- _EXERCISE PROMPT_
Output the lines from the one containing "Creative law school" through the last line of the material below, exactly; please do not include pictures.

- _INPUT RECORDS_
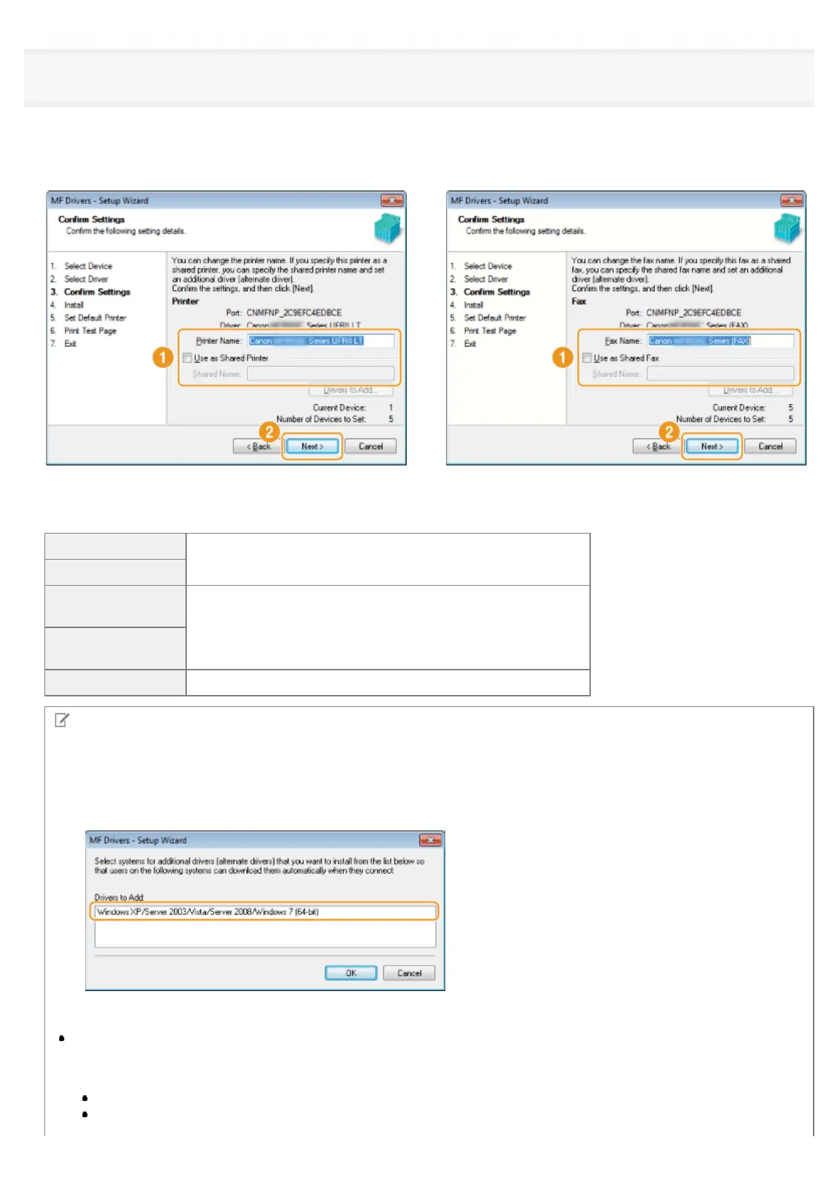 If you selected the [Use as Shared Printer] or [Use as Shared Fax] check box:
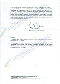 Рекомендации посла ЕС взяты не с потолка – они основаны на выводах оценочной миссии ЕС, которая находилась в Украине в начале сентября.
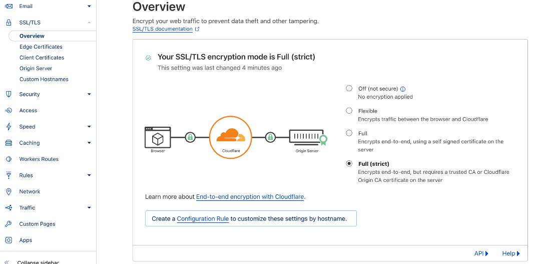 В розділі SSL/TLS → Overview необхідно включити повний режим шифрувавання Full (Strict). У розділі SSL/TLS → Edge Certificates включити опції Always Use HTTPS, TLS 1.3 та Automatic HTTPS Rewrites.
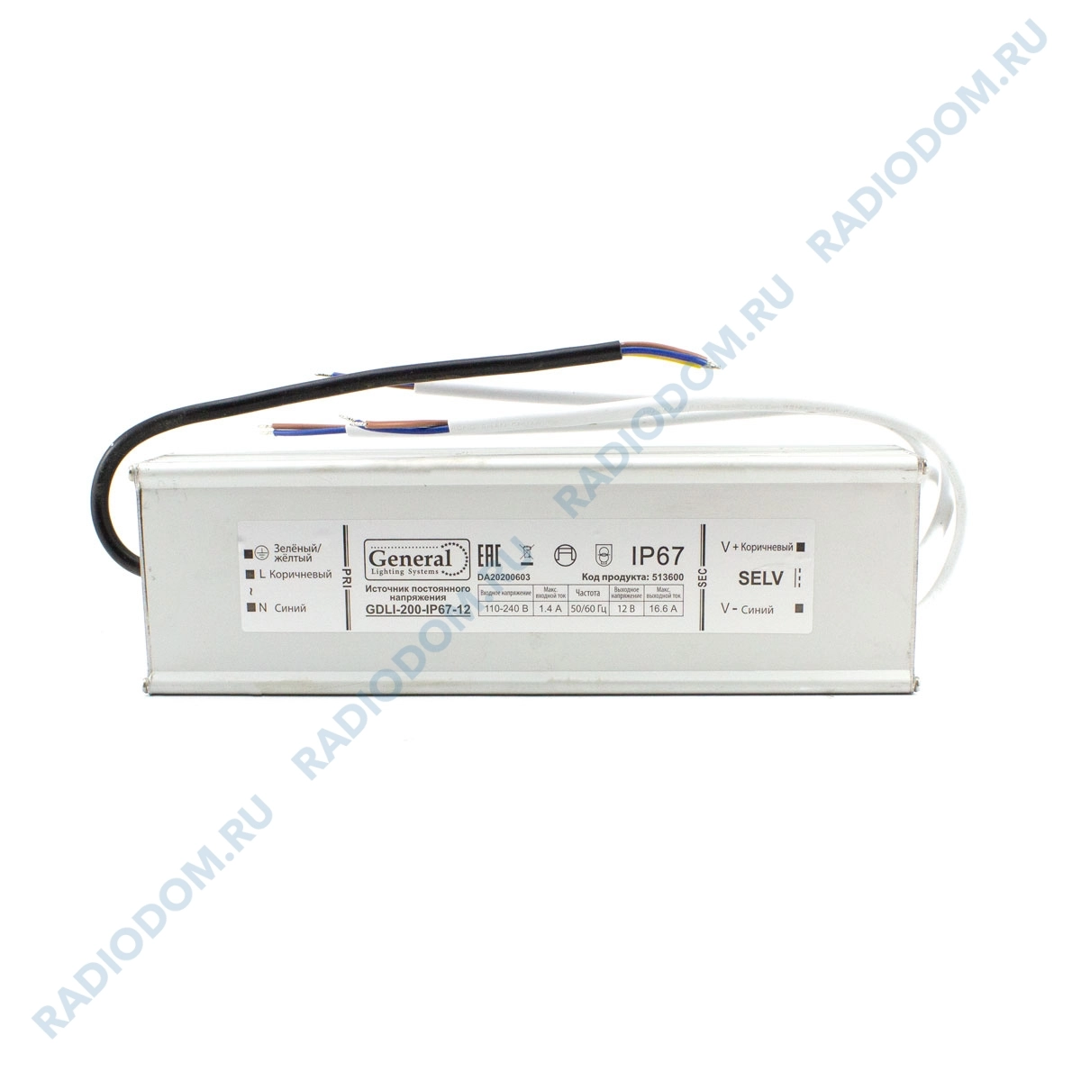 Блок питания 12,0В влагозащищенный встраиваемый GDLI (16,6А, 200 Вт) General
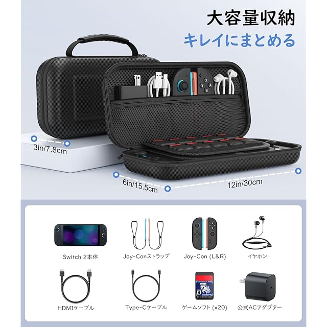 「たっぷり収納できる大容量設計」Switch 2本体の収納に加え、ゲームソフト20枚、HDMIケーブル、Joy-Conなどのアクセサリーを整理できる専用メッシュポケットも内蔵しており、豊富な収納スペースより、必要なアイテムをコンパクトにまとめることができます。持ち運びやすさを考えたレイアウトで、使い勝手の良さにもこだわっています。【Switch2公式ACアダプターは収納できます。】
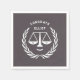 Creative law school grad party napkins featuring funny scales-of-justice art and congrats for your favorite new lawyer. Edit text to add his or her name.
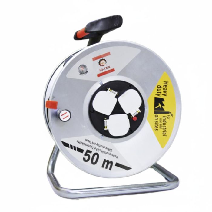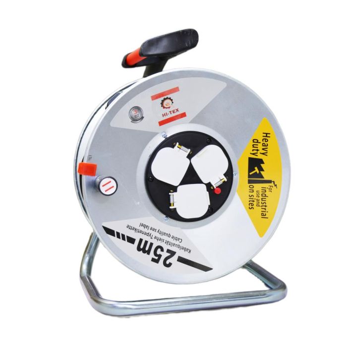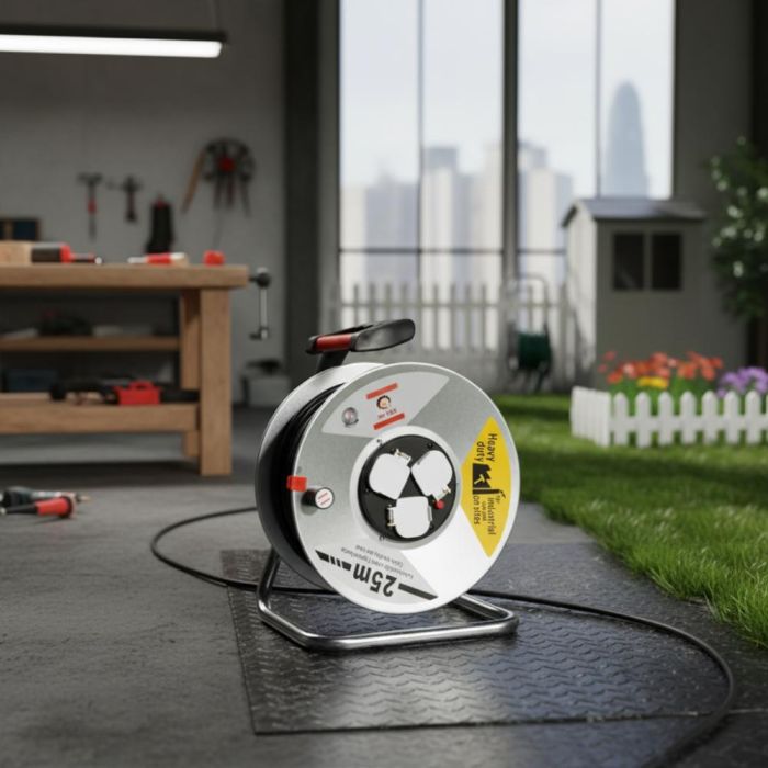 بكرة كيبل كهربائي متينة بطول 25 أو 50 متر مع 3 مقابس مقاومة للعوامل الجوية وحماية حرارية، مثالية للاستخدام الصناعي ومواقع البناء.
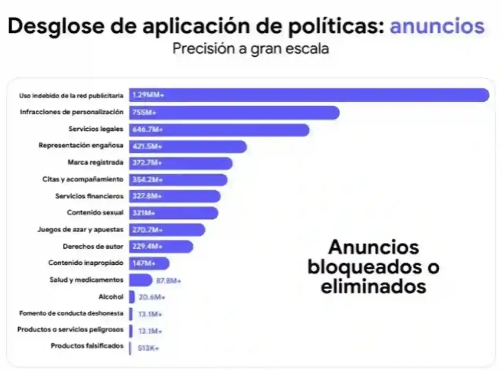 Entre los motivos más frecuentes de bloqueo se destacó el uso indebido de la red publicitaria, con más de 1.290 millones de anuncios eliminados.
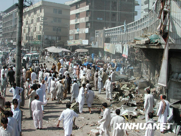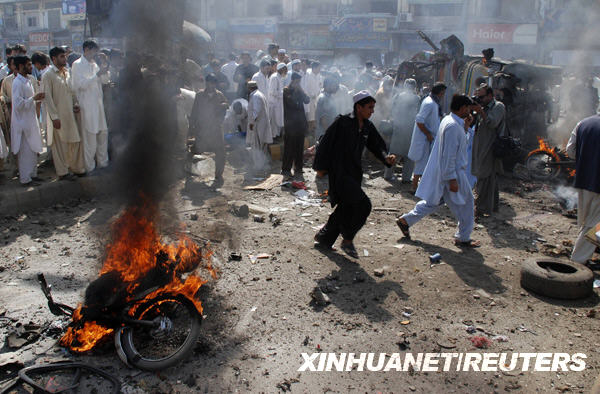 10月9日,巴基斯坦西北邊境省首府白沙瓦市市民在爆炸現場圍觀。新華社發

- _SOLUTION_
 Creative law school grad party napkins featuring funny scales-of-justice art and congrats for your favorite new lawyer. Edit text to add his or her name.
 بكرة كيبل كهربائي متينة بطول 25 أو 50 متر مع 3 مقابس مقاومة للعوامل الجوية وحماية حرارية، مثالية للاستخدام الصناعي ومواقع البناء.
 Entre los motivos más frecuentes de bloqueo se destacó el uso indebido de la red publicitaria, con más de 1.290 millones de anuncios eliminados.
 10月9日,巴基斯坦西北邊境省首府白沙瓦市市民在爆炸現場圍觀。新華社發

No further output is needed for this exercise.